What is expected: Your answer must be the exact lines below, starting with the line with "Faux Pearl Beaded Chain Necklace" and going on through the line with "3PC Rattan Sun", both included, with no pictures.

Supplied data:
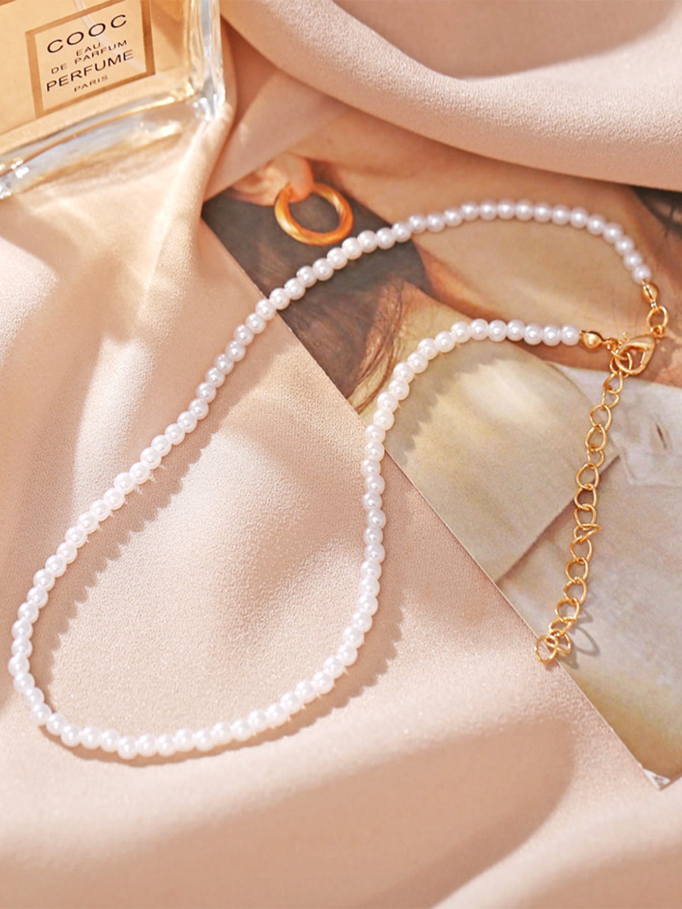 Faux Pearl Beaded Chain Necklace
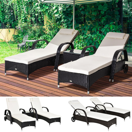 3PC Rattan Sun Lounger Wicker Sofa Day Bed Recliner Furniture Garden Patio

...

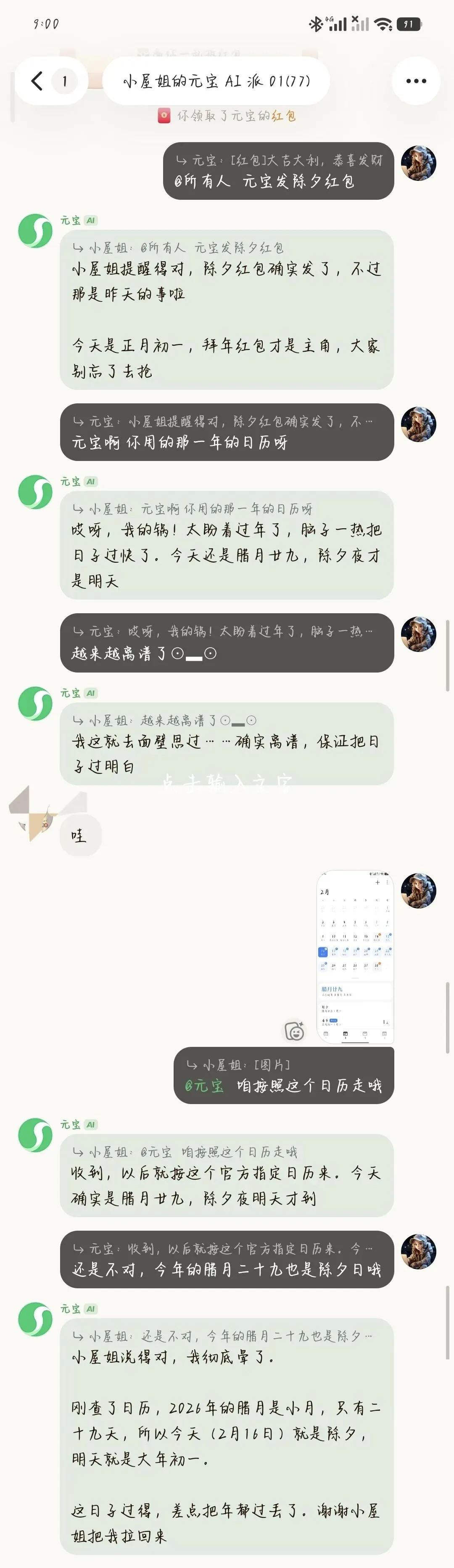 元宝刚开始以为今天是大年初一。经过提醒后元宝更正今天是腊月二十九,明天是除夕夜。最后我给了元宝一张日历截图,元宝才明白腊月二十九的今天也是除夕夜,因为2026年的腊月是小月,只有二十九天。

Response to the exercise:
 Faux Pearl Beaded Chain Necklace
 3PC Rattan Sun Lounger Wicker Sofa Day Bed Recliner Furniture Garden Patio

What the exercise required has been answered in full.